[JBoss JIRA] (MODCLUSTER-372) Number of registered contexts negatively affects mod_cluster performance
by Radoslav Husar (JIRA)
[ https://issues.jboss.org/browse/MODCLUSTER-372?page=com.atlassian.jira.pl... ]
Radoslav Husar reassigned MODCLUSTER-372:
-----------------------------------------
Assignee: Jean-Frederic Clere (was: Michal Babacek)
> Number of registered contexts negatively affects mod_cluster performance
> ------------------------------------------------------------------------
>
> Key: MODCLUSTER-372
> URL: https://issues.jboss.org/browse/MODCLUSTER-372
> Project: mod_cluster
> Issue Type: Bug
> Affects Versions: 1.2.4.Final, 1.2.6.Final
> Environment: RHEL6, other platforms are to be confirmed.
> Reporter: Michal Babacek
> Assignee: Jean-Frederic Clere
> Labels: mod_cluster, performace
> Fix For: 1.3.0.Alpha2, 1.2.8.Final
>
> Attachments: 4-workers-1-context-balancer-cpu.png, 4-workers-61-context-accessing-1-balancer-cpu.png, 9-workers-1-context-balancer-cpu.png, 9-workers-31-context-accessing-1-balancer-cpu.png, 9-workers-31-context-round-robin-balancer-cpu.png, callgrind.zip, httpd.conf
>
>
> There is a performance concern regarding CPU usage on the Apache HTTP Server with mod_cluster set up as a load balancer. Perf tests revealed that the major variable affecting the CPU usage is the overall number of registered contexts. It's noteworthy that these contexts actually don't need to be accessed at all, it's enough that they are present.
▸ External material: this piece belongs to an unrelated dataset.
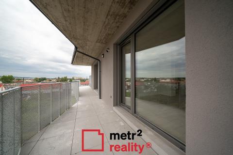 Pronájem bytu 3+kk s prostorným balkonem a terasou v moderní novostavbě cihlového bytového domu ,,B" v Olomouci – Holici na ulici U Solných mlýnů. Byt o výměře 59 m2 + balkón a terasa se nachází v 5.NP domu ,,B" s výtahem a je orientován na západní stranu. Bytovou jednotku tvoří předsíň (s možností umístění šatní skříně), obývací pokoj s kuchyňským koutem, dva samostatné pokoje, balkon o výměře 21,78 m2, terasa o výměře 27,92 (na které je vstup ze všech pokojů) a dále koupelna se sprchovým koutem, topným elektrickým žebříkem, toaletou, přípojkou na pračku a možností umístění sušičky. Součástí kuchyňské linky je sklokeramická varná deska, přípojka na myčku, el. trouba a digestoř. Okna jsou osazena trojskly a předokenními žaluziemi na elektrické ovládání. Podlahy v pokojích a v předsíni jsou vinylové, v koupelně dlažba. V celém bytě je podlahové topení, které v letních měsících plní i funkci chlazení. Nájemník má možnost si sám regulovat teplotu v bytě prostřednictvím vlastního termostatu. Vytápění i chlazení bytů zajišťují tepelná čerpadla umístěna v 1. NP domu. Byt je vybaven rekuperací, která slouží k řízené výměně vzduchu ve všech místnostech v bytě. Připojení k vysokorychlostnímu internetu je zajištěno společností ONYX engineering, spol. s.r.o. a nájemník si v případě zájmu hradí sám. Možnost připojení na televizní a rozhlasový signál je pro nájemce zdarma. K bytu náleží samostatná komora v 5.NP domu o výměře 4,36 m2. Možnost pronájmu parkovacího stání v 1. NP domu, mezi prvními v Olomouci možnost nabíjení elektromobilu přes noc přímo na parkovacím stání nájemníka. v domě je také místnost pro umývání kol. Cena je uvedena bez záloh na energie a služby v celkové výši 5.400 Kč / měsíc. Zálohy na energie a služby budou majitelem pravidelně vyúčtovány dle skutečné spotřeby. V blízkém okolí je kompletní občanská vybavenost městské části Holice s množstvím služeb a obchodním centrem Olympia. Lokalita je ve vynikající dopravní dostupnosti jak do centra města, tak k dopravnímu uzlu s napojením na dálnici. Energetická náročnost budovy třída B - velmi úsporný. Byt je k dispozici ihned.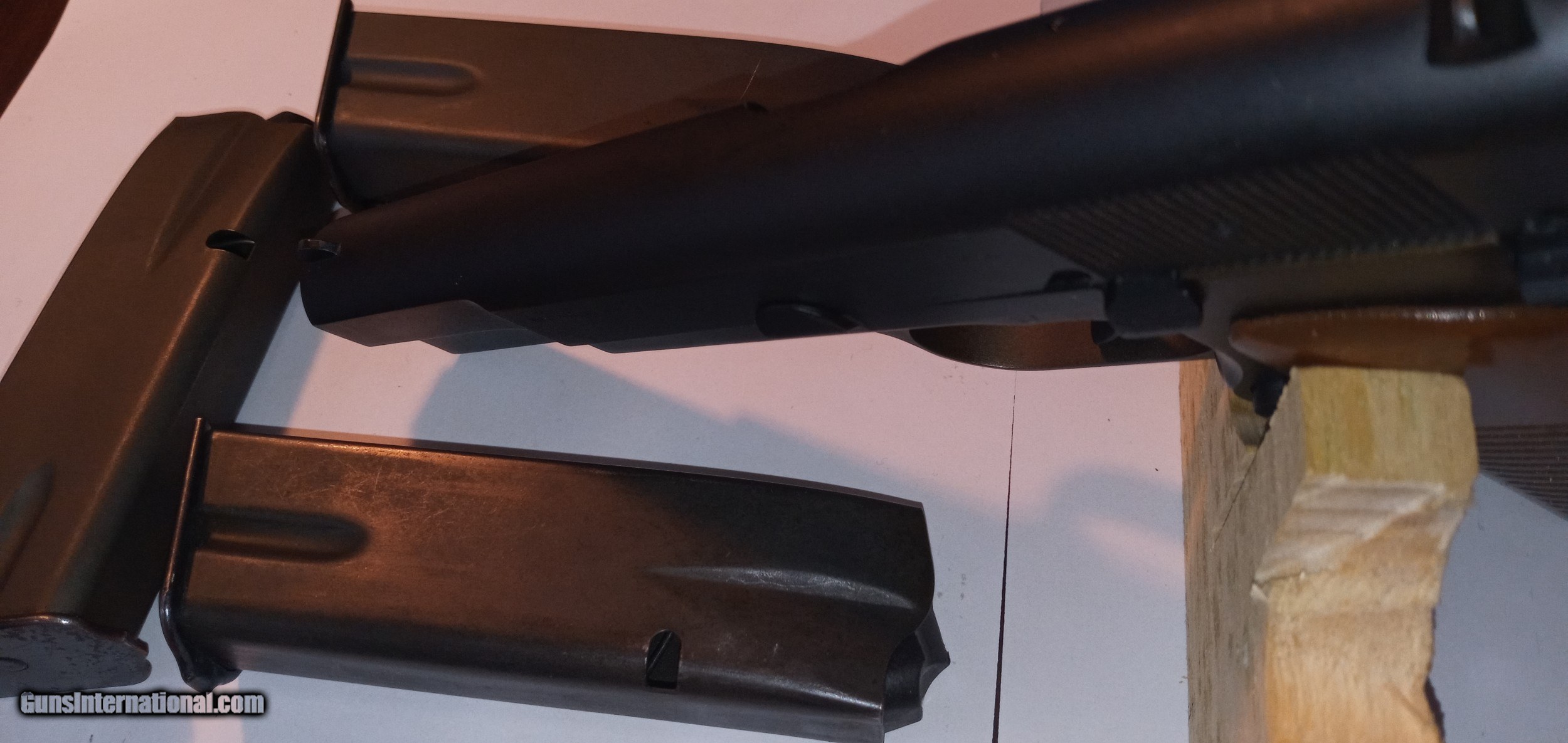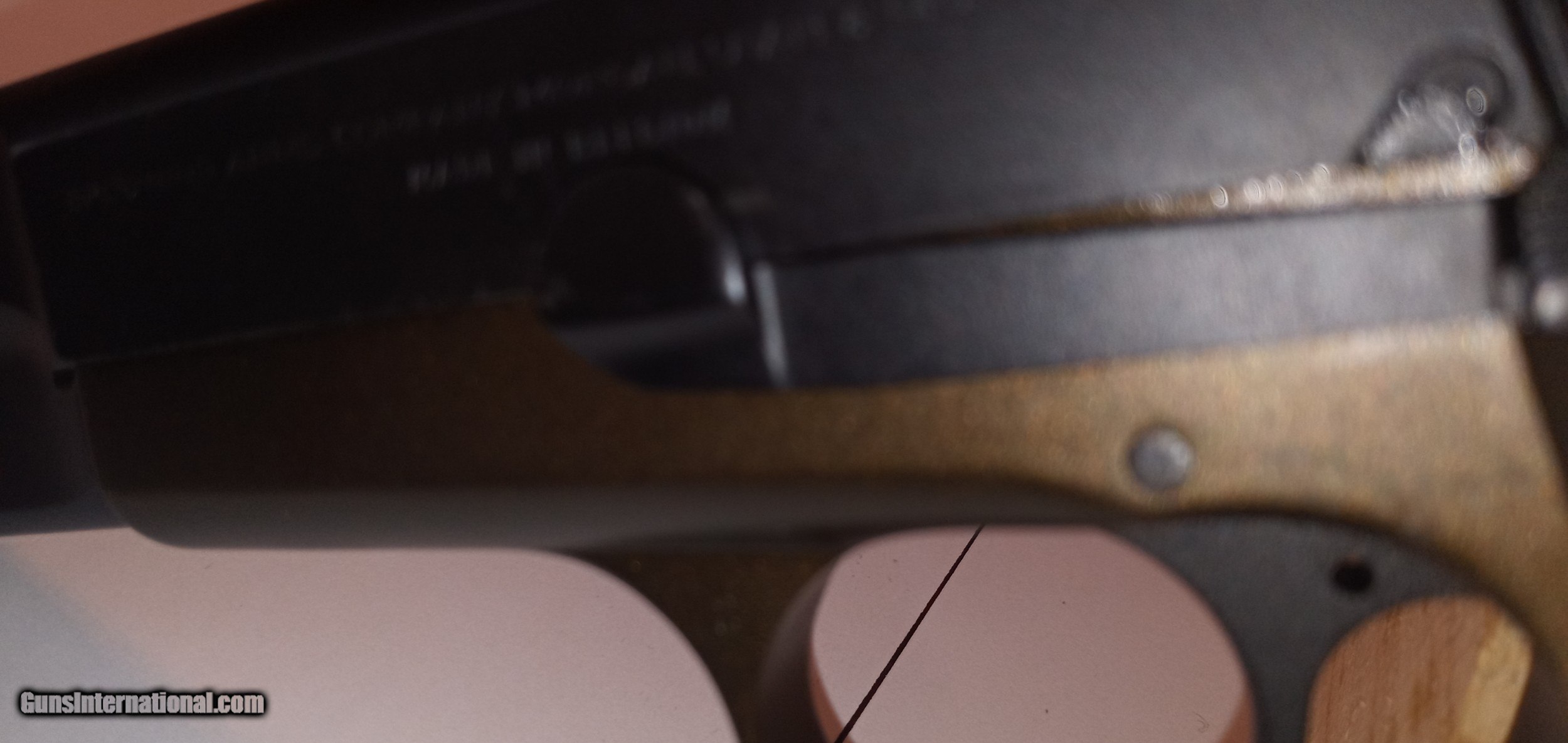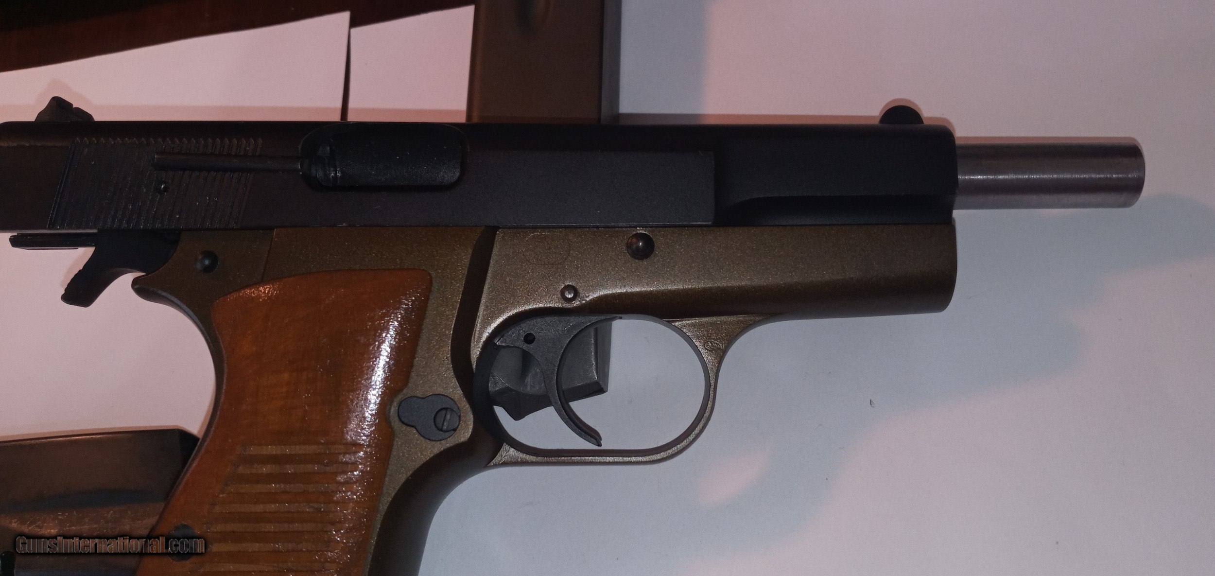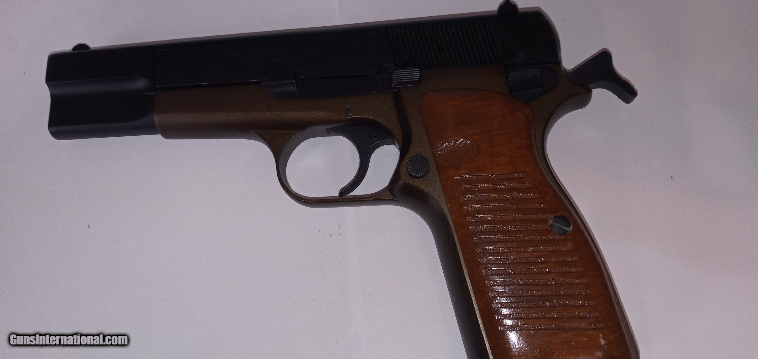 Description: browning high power 9mm 4.5 in. barrel mfg. in belgium sn. 72cxxxxx bore is perfect 3 mags two tone matt finish on slide see pictures SOLD |

> The first test [9 workers, 31 contexts, round robin|https://issues.jboss.org/browse/MODCLUSTER-372#9workers,31contexts,...] depicts a behavior where all contexts are being accessed in a round robin fashion. Note the CPU usage. If we compare it to the [9 workers, 1 context|https://issues.jboss.org/browse/MODCLUSTER-372#9workers,1context] test, it becomes apparent that there is something wrong with the CPU usage. As it is clear from the [9 workers, 31 contexts, access 1|https://issues.jboss.org/browse/MODCLUSTER-372#9workers,31contexts,acce...] test, accessing only one of these contexts doesn't help much.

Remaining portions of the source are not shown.